PR: Really? Oh dear. Well I hope it’s sooner than later because it’s obviously a wonderful antibody and it’s proving transformative in outcome. But for Chinese patients we need to move hard to get it available to them. In that same context we do want to mention that daratumumab monotherapy has been tested in the CENTAURUS study for smouldering myeloma and my colleague from Ohio State, Dr Craig Hofmeister, presented a lovely abstract on this which was basically a smouldering myeloma study with the senior leadership of Dr Ola Landgren where essentially they were able to administer daratumumab to a smouldering population and identified 123 patients, no less, with 41 patients in each arm, looking at various doses and schedules of daratumumab. Significant clinical benefit, as reflected by duration of response in terms of progression free survival as well as excellent safety in this study. What was interesting is that the results that they showed with essentially long PFS etc., with PFS rates of 98%, 93% and 89% respectively, is that longer therapy was better in terms of PFS control, intermediate was somewhat in between and obviously the short exposure was more modest at 89%. What I’m very struck about is that the efficacy of this approach was associated with great safety, minimal in the way of side effects which is very encouraging. Fascinatingly, a similar smouldering study presented by Marivi Mateos was much more aggressive, looking at KRD transplant, KRD and then KR maintenance. That study showed very similar results in terms of PFS although obviously differences in toxicity. So exciting data there. Tell me basically, Winming, how do you treat smouldering patients at the moment in China?
WC: In China there is usually a directive that high risk smouldering patients are very eager to treat and therefore for intermediate and for low risk no treatment. For the high risk you usually use lenalidomide dexamethasone for this kind of patient.
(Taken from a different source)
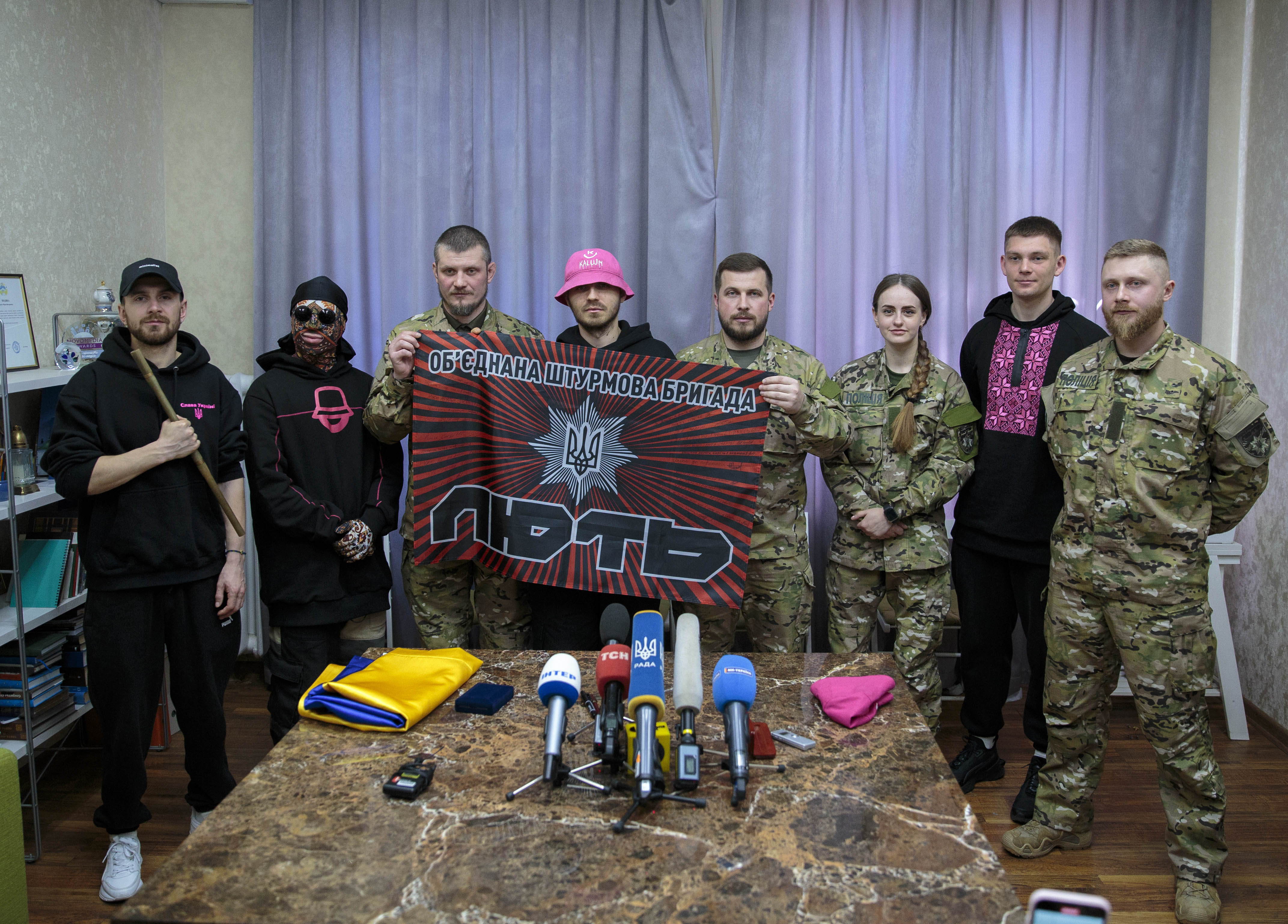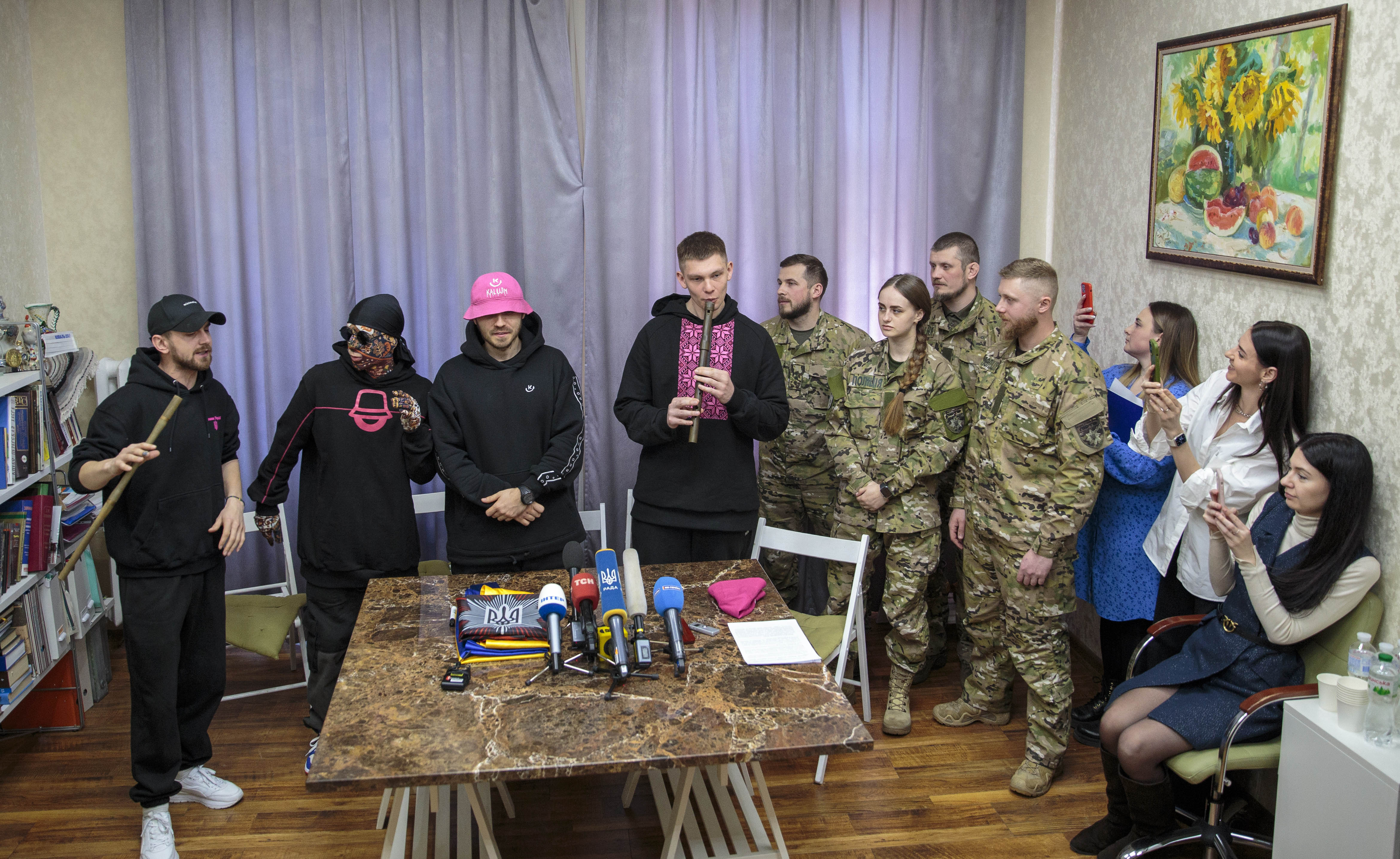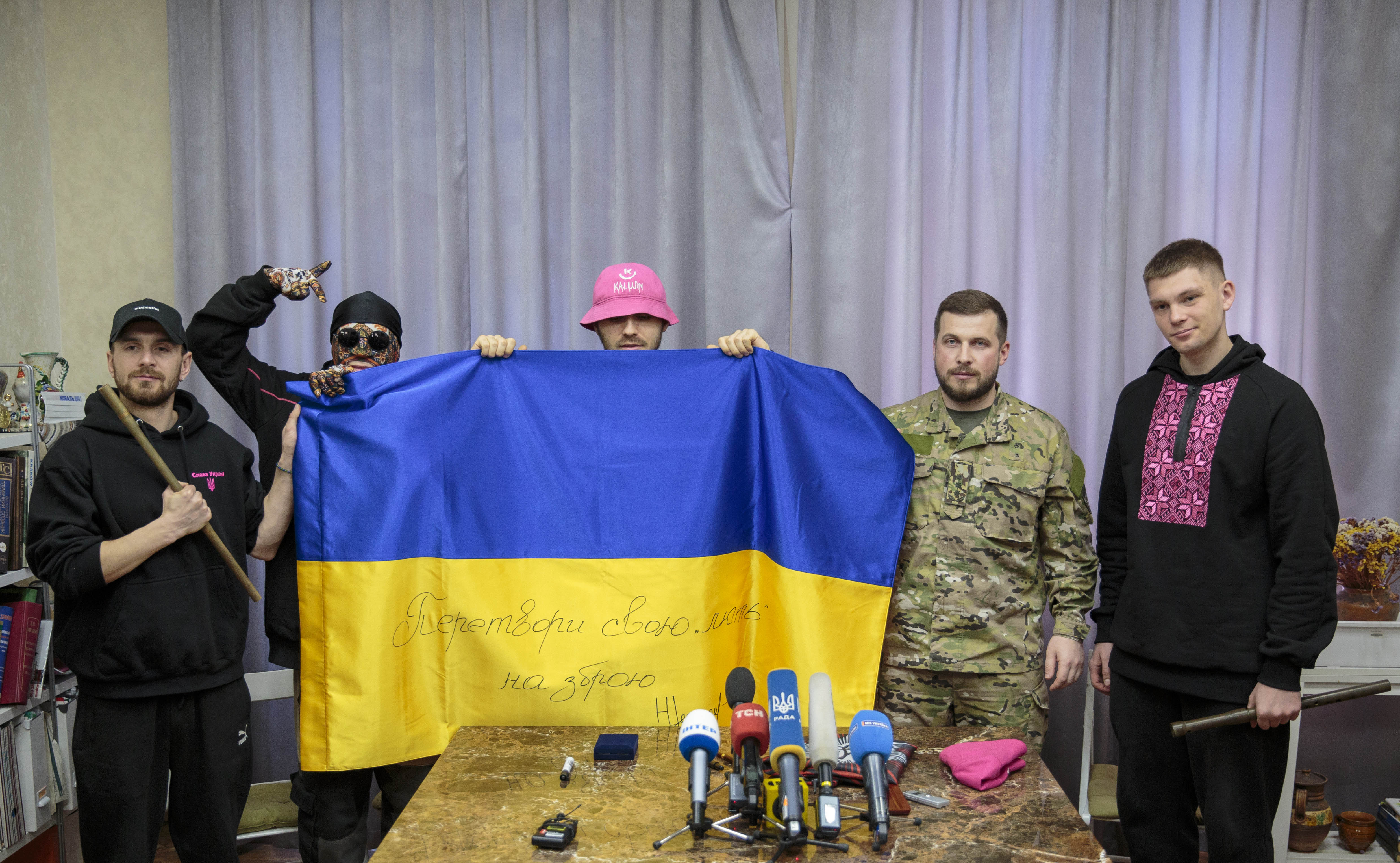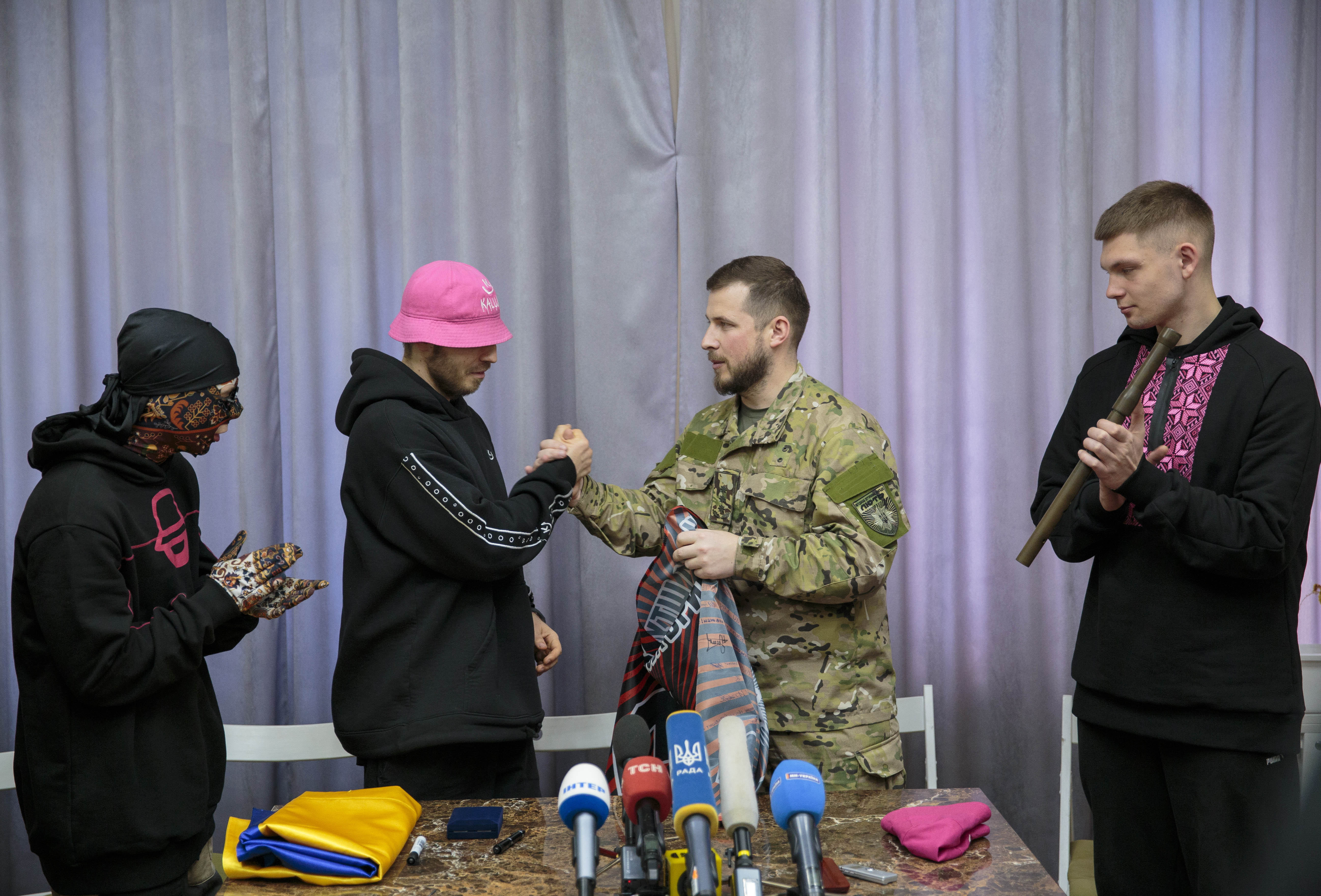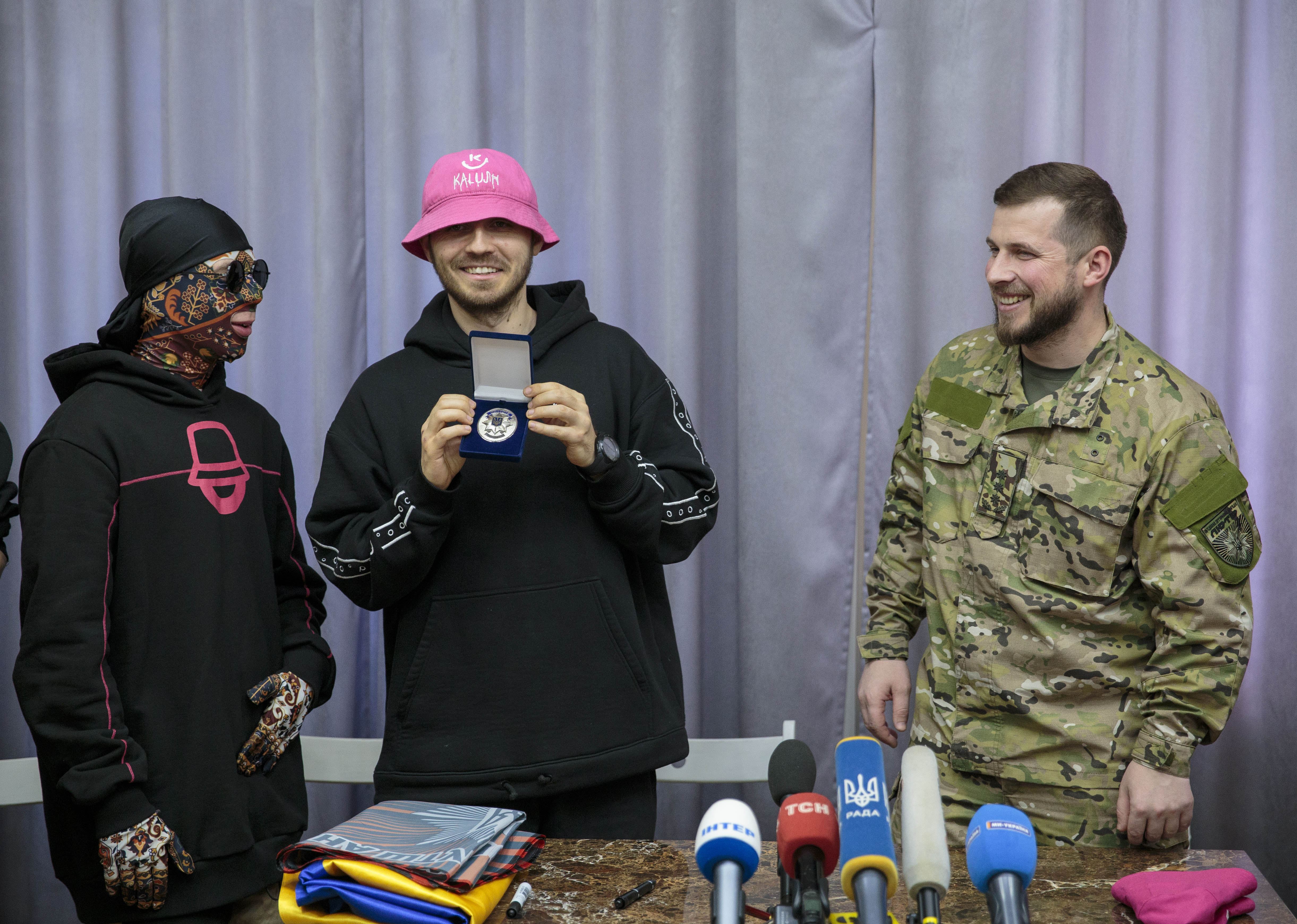 Фронтмен гурту Олег Псюк на знак підтримки передав бійцям бригади знамениту рожеву панаму з підписами учасників «Kalush Orchestra», яка також стала символом «Євробачення-2022»: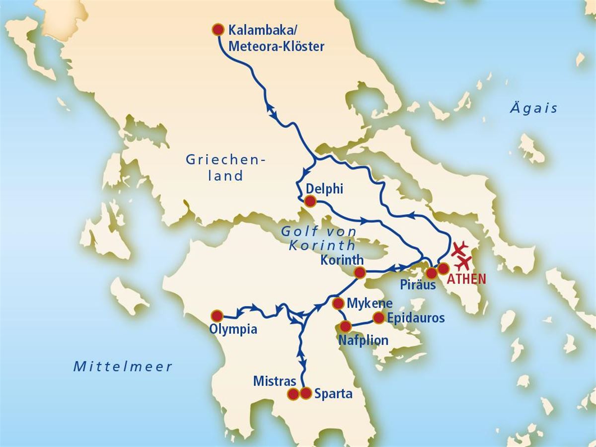 Nach dem Frühstück besichtigen wir die Ausgrabungen von Alt-Korinth: Die handelsstrategisch günstige Lage am Golf von Korinth machte Korinth bereits in klassischer Zeit zu einem der mächtigsten Stadtstaaten Griechenlands. Korinthisches Geld und korinthische Gewichtsstandards waren weit über den Herrschaftsbereich der Stadt hinaus verbreitet. Korinthische Keramik, Waffen, aber auch Luxusartikel wie Parfüm wurden im gesamten Mittelmeerraum verkauft. Darüber hinaus war Korinth die Stadt der Kultur und Kunst, in der nicht nur exzellentes Handwerk gefördert wurde, sondern auch innovative Literatur und Musik ihr Publikum fanden. Was man heute auf dem Ruinengelände sieht, stammt im Wesentlichen aus der römischen Kaiserzeit und der Spätantike. Nur die teilweise aus dem Fels gehauenen Theater- und Brunnenbauten gehen auf die griechische Epoche der Stadt zurück. Wir sehen u.a. die Glauke-Quelle, die Reste des monumentalen Apollotempels, die Agora und das Orakelheiligtum. Einen großartigen Eindruck von der Pracht der kaiserzeitlichen Stadt vermittelt noch heute die vom Marktplatz zum Hafen Lechaion führende marmorgepflasterte, von Säulengängen flankierte Straße. Hier befindet sich auch die größte Sehenswürdigkeit Altkorinths, der Peirene-Brunnen: Der von Herodes Atticus finanzierte repräsentative Gebäudekomplex ist ein vorzügliches Beispiel hadrianischer Baukunst. Die jetzt sichtbaren Wände aus Kalkquadern waren mit farbigen Marmorplatten verkleidet, die Fußböden mit Mosaiken geschmückt. Auf dem Rückweg nach Athen machen wir einen kurzen Abstecher zum Hafen von Piräus. Hotel in Athen.

Sometimes we use the bortezomib or dexamethasone for treatment. But most of our patients we don’t treat.
PR: I see. Obviously in the United States and in Europe it has been established that lenalidomide maintenance until progression is associated with survival benefit. There is data at this meeting confirming that from both the UK, with the Myeloma XI study data showing remarkable benefit to lenalidomide maintenance, again regardless of response, and at the same time we’ve got German data suggesting the same, that in other words even if you have CR you should be on lenalidomide maintenance. Even MRD negative patients who ultimately may relapse should benefit from continuous therapy. When do you think in China lenalidomide maintenance will be available?
WC: Now it’s available. Because lenalidomide is covered by the insurance so the physicians use lenalidomide longer and longer, so we can use lenalidomide for maintenance.
PR: As we discussed a moment ago. So you’re very kind. Well, if I may, I think that brings us to the end of our discussion today on these critical abstracts. I just wondered if you had anything to add, Winming, to these comments in terms of particularly the CAR-T therapy? Any closing thoughts?
WC: For the CAR-T it’s very effective in [?] maybe, depending on the patients MDS negative. For the patients it’s very [?] so the patients cannot receive CAR-T because, as I said, the efficacy is very important. Therefore the patients [?] can use the CAR-T, it’s very suitable for these kinds of patients.
PR: So do you see CAR-T therapy in the future replacing stem cell transplant?
WC: Maybe.
PR: Yes, I agree. It may well be and if the field evolves we go there. On that note I think we’ll close on a very positive note to say this year’s ASH meeting has been once again a plethora of new and exciting advances in myeloma. We now have a very international flavour, we always have, in fact, to what we do in myeloma research but it’s particularly lovely to have colleagues from China as part of our discussions to reflect on the research efforts that are being made in Asia and all around the globe to not only provide outstanding new treatments to patients in Europe and the United States but also in a global sense as well. So thank you very much for your kind attention.
WC: Thank you.
PR: Again, Winming, a pleasure to see you and be with you.